Tight shoulders

So, my first week of clinicals ended last week, and I am only just now having an opportunity to sit down and write about it. Let me tell you a bit about my schedule: clinicals take up roughly 42 hours a week—2 labor and delivery shifts and 2 clinic shifts—plus one day a week in class, and every other spare moment devoted to either sleeping, eating or studying (well, and blogging…and watching the occassional episode of 24). Labor and delivery shifts start at 7:30 am for postpartum rounds and don’t finish until 9:00 pm. To get to the hospital on time, I need to leave my house around 6:30 am to account for the vagaries of the subway, which means waking up around 5:45 am (did I mention that this hospital has an absolute THOU SHALT NOT BE LATE policy? If I’m late once, we talk about it. If I’m late twice, I’m sent home. If I’m late three times, I need to find a new clinical site). It’s dark when I leave for the hospital, and dark when I come home. Not a very bright prospect for a certain student who really loves her sunlight. I thought I was going to be doing clinicals, but in fact, I think I’m in midwifery boot camp. I must have missed a memo somewhere along the way.

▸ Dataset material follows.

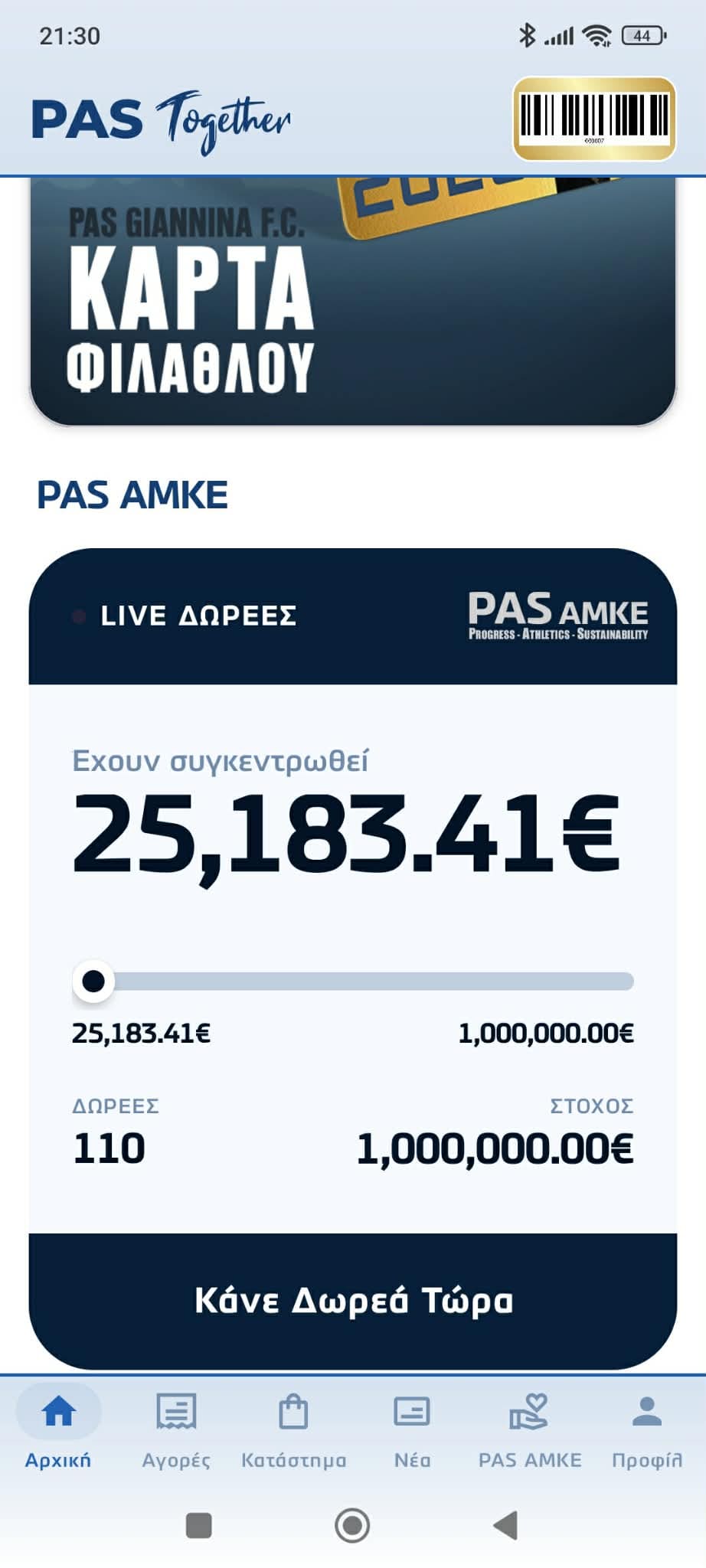 Πέραν αυτών όμως, η μπάλα πάει και στην… εξέδρα, αφού ενεργοποιήθηκαν οι δωρεές από φιλάθλους στην PAS AMKE μέσω της εφαρμογής PAS together, όπου όσοι έχουν την εφαρμογή μπορούν να καταθέτουν εύκολα από το κινητά τους όσα χρήματα θέλουν.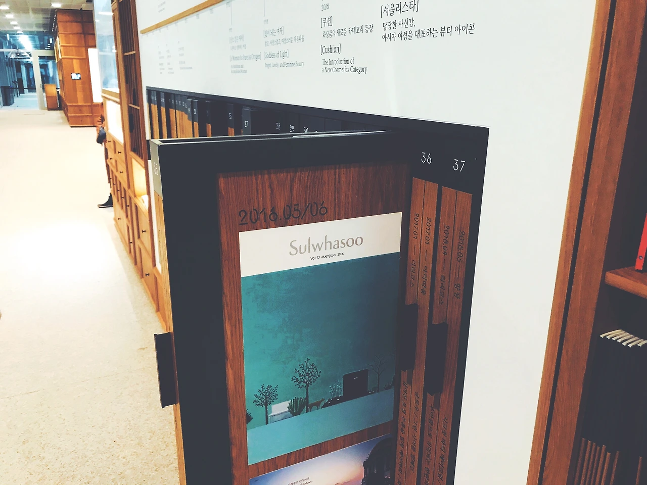 [e. 2층에는 아모레퍼시픽의 History를 체험할 수 있는 공간이 있는데 브랜드 마케팅에서부터 그동안 만들어진 제품의 연대를 확인할 수 있는 체험 공간이다. 개인적으로 정말 이런 센스는 어떻게 나오는 것일까.]

However, clinicals are going well. Much better than I had anticipated—in fact, most of the feedback has been very positive so far, and the preceptors I’ve encountered so far have been a lot of fun to work with. My second shift on labor and delivery involved working with one woman for most of the day. She was a multipara—first baby was 3500 gms, second baby was 4000 gms, and this one was feeling very large as well (we estimated 4000 gms), but she wasn’t diabetic, and she had a large, roomy pelvis, so we weren’t sweating (although we were watching closely, and we had a stool in the room just in case suprapubic pressure was needed in a hurry). She spent the first half of her labor out of bed and walking around (how about that! A hospital that actually has intermittent monitoring protocols that 1) work and 2) get utilized appropriately), but she wasn’t progressing quickly (about 1 cm every 2 hours), and certainly not as quickly as you would expect a multip to progress. We began to worry that if things didn’t continue to progress at a steady pace, the residents on the floor would begin to poke their heads into the room and want to start pitocin…and yes, I know! Progressing one centimeter in 2 hours is just fine, really, and not a problem if you’re at home or in a birthing center…but when you’re on labor and delivery, unfortunately there is a clock that is constantly ticking, and as a midwife on a hospital floor you have to take that into account. So we decided to rupture her membranes to see if that would help get things going. Not a benign measure, by any means, but preferable to pitocin. And sure enough, rupturing her membranes did the trick, and before we knew it, her labor was much more intense, and she was asking for an epidural, which she got.

Things slowed down a little bit after that, but she continued to make steady progress, and by 4:30 pm she was ready to push (we’d been laboring with her for the entire shift, since 8:30 am). We turned the epidural down so that she could better feel the contractions and the urge to push, and began the slow work of pushing that big baby down. Again, it took longer than we had anticipated, and she wasn’t the strongest pusher in the world, but finally, the baby began to crown. And crown. And crown. And we did, indeed, begin to sweat.

The woman had a very short perineum, and there was a little bit of scar tissue from what looked like a prior episiotomy, and her skin integrity was not that great. I gave perineal support as the head was coming out and we got the head over the perineum more or less intact. Once the head was out, my preceptor continued to apply perineal support while I worked on the shoulders. The head wasn’t rotating quickly…it definitley needed some gentle nudging to help it turn. We were concerned about a dystocia, but when I reached up I was able to feel the top of the anterior shoulder, so we knew for certain it wasn’t stuck. Nevertheless, this definitely wasn’t the type of baby that just slips out once the head is born. In fact, instead of holding the baby with both my hands gently supporting the head and neck, I actually had my hands on the shoulders, with one finger hooked under each armpit, and was gently tugging the baby out, bit by bit. I think I finally understand what is meant by “tight sholders” now. It’s not that they were stuck…but it wasn’t an easy fit.

When the baby finally came out, he looked HUGE! As it turns out, he weighed 4400 gms (not quite macrosomic)…but even so, a pretty hefty baby. Definitely took some muscle to lift him up onto his mother’s abdomen, where he proceeded to cry after about a minute of stimulation. Very adoreable baby; he looked like a 2 month old. Welcome to the world, fat and happy baby. There was terminal meconium, and when we had a chance to look at the perineum, there was a pretty nasty third degree laceration there, which baffled me since I was pretty sure the baby’s head had crowned without ripping. My preceptor told me that, given her short perineum, poor skin integrity, prior episiotomy, and just the sheer size of the kid, there was not much else we could have done to prevent it. Even so, I wonder if there was anything I could have done during the delivery of the posterior shoulder that could have prevented such a terrible tear.

In any case, the doctor came in to repair the sphincter, and we finished up the rest of the repair after that, and thus ended my 26th delivery. Tight shoulders. The largest baby I have caught to date.